- _TASK INSTRUCTIONS_: From the records below, please repeat exactly the line that has "Dress for comfort", the line that has "Bukiet sześciu balonów", and every line between them, and nothing else.

##### DATA EXTRACT

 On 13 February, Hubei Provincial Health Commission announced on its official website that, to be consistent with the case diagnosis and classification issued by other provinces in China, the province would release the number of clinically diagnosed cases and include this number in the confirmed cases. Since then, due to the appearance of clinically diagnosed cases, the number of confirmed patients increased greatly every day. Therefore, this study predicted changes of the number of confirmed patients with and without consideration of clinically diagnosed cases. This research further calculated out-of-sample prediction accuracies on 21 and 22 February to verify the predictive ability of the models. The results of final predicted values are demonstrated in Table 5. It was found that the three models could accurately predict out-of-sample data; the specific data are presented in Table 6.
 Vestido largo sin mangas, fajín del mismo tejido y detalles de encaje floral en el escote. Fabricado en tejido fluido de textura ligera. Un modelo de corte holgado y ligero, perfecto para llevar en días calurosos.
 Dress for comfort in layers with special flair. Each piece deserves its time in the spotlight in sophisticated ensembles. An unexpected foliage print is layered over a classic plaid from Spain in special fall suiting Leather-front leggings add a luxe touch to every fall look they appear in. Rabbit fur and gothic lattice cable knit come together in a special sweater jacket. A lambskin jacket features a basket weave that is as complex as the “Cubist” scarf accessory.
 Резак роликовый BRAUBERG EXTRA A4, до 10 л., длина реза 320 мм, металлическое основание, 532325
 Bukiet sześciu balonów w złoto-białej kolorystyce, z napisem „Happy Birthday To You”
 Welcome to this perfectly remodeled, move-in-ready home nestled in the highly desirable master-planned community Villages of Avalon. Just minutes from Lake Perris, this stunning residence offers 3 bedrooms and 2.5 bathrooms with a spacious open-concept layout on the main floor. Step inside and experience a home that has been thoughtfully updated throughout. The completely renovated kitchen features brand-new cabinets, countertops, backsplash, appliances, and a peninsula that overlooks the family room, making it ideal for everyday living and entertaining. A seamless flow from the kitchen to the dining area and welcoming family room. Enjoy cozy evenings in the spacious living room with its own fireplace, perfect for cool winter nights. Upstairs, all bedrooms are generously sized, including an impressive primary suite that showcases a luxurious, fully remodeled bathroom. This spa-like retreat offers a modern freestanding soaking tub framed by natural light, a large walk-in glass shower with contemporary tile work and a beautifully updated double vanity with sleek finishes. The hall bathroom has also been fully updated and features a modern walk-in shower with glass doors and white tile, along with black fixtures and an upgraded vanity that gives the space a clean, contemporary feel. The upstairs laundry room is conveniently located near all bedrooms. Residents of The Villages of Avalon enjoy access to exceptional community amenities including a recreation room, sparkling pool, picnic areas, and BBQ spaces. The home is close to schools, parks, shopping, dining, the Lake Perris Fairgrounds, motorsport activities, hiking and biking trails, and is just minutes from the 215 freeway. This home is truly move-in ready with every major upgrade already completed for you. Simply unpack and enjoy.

##########

- _ANSWER TO THIS PROBLEM_:
 Dress for comfort in layers with special flair. Each piece deserves its time in the spotlight in sophisticated ensembles. An unexpected foliage print is layered over a classic plaid from Spain in special fall suiting Leather-front leggings add a luxe touch to every fall look they appear in. Rabbit fur and gothic lattice cable knit come together in a special sweater jacket. A lambskin jacket features a basket weave that is as complex as the “Cubist” scarf accessory.
 Резак роликовый BRAUBERG EXTRA A4, до 10 л., длина реза 320 мм, металлическое основание, 532325
 Bukiet sześciu balonów w złoto-białej kolorystyce, z napisem „Happy Birthday To You”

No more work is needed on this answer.